Plasmid DNA isolation, DNA manipulation and transformation of E. coli strains with recombinant plasmids were carried out as previously described (Dodd et al. 1990). Restriction enzymes and other DNA-modifying enzymes from various sources were used according to the suppliers’ recommendations. Restriction DNA fragments were isolated from an agarose gel by electrophoresis on a DEAE-cellulose membrane using the method described by Dretzen et al. (1981). Caesium chloride (CsCl) gradient DNAs of pFI2268 and pFI381 (Table 1) were prepared according to Sambrook et al. (1989). Primers were synthesised on an Applied Biosystems DNA synthesiser (model 381A; Applied Biosystems, Foster City, CA). The PCR was performed with the following thermal cycling programme: an initial cycle of 2 min at 96°C, followed by 5 cycles of 1 min at 92°C, 1 min at 37°C and 1 min at 72°C, then by 20 cycles of 1 min at 92°C, 1 min at 55°C, and 1 min at 72°C and terminated with a final cycle of 1 min at 92°C, 1 min at 55°C and 10 min at 72°C. Fragments generated for the construction of vectors were amplified with DyNAzyme λ DNA polymerase (Flowgen Biosciences, Nottingham, UK) and cloned into pCR 2.1-TOPO vector (Invitrogen, Carlsbad, CA) before nucleotide sequence confirmation. For routine PCR screening of recombinant clones, AmpliTaq DNA polymerase (Perkin-Elmer, Foster City, CA) was used. The nucleotide sequences of PCR-generated fragments were confirmed on purified plasmid DNA with an Applied Biosystems DNA sequencer (model 373A) and the manufacturer's Taq DyeDeoxy Terminator Cycle Sequencing kit.

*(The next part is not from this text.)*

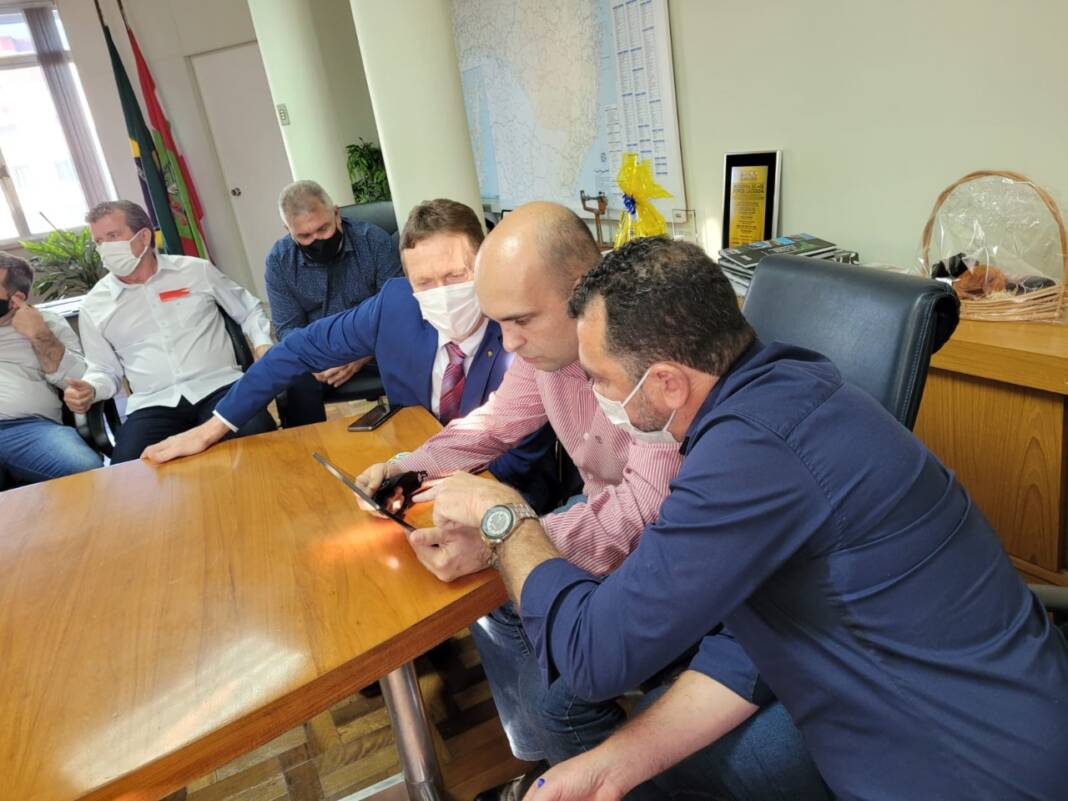Em audiência articulada pelo Deputado Estadual Volnei Weber, na tarde desta terça-feira, 26 de outubro, com o Secretário de Estado da Infraestrutura Thiago Vieira, o prefeito de Balneário Gaivota, Everaldo Kekinha dos Santos e vice-prefeito Jonatã Coelho, apresentaram o projeto técnico para execução de 21 km da Interpraias “Caminhos do Mar”, no território de Balneário Gaivota, limites com Passo de Torres e Arroio do Silva. O encontro contou com a participação do presidente da Amesc, prefeito Moacir Teixeira e prefeitos e vices da região da Amesc.

Cloning of the nisB gene into expression vector pET-15b

The N-terminal region of the nisB gene was amplified by PCR from chromosomal DNA of L. lactis FI5876 (Fig. 1A, a) using primers NisB-Fwd and NisB-Rev (Table 2). Primer NisB-Fwd included an NdeI site which is in frame with the start codon of the nisB gene. Primer NisB-Rev was close to the downstream site of MunI. An amplified 332-bp fragment was initially ligated into T/A cloning vector pCR 2.1-TOPO using the TOPO TA cloning kit (Invitrogen), and E. coli TOP10 competent cells were transformed with this ligation mixture according to the manufacturer’s instructions. Transformants were selected on L-agar plates containing ampicillin and X-gal and were screened by PCR using M13 Reverse and Universal M13 Forward primers (Table 2) for the presence of recombinant plasmids. Plasmid DNAs were prepared from the positive clones and analysed by restriction digestion using EcoRI for confirmation of the expected construct. The identity of the inserted fragment was further confirmed by DNA sequencing. This plasmid was labelled as pFI2268 (Fig. 1A, b), and the E. coli strain harbouring pFI2268 was designated as FI9748 (Table 1).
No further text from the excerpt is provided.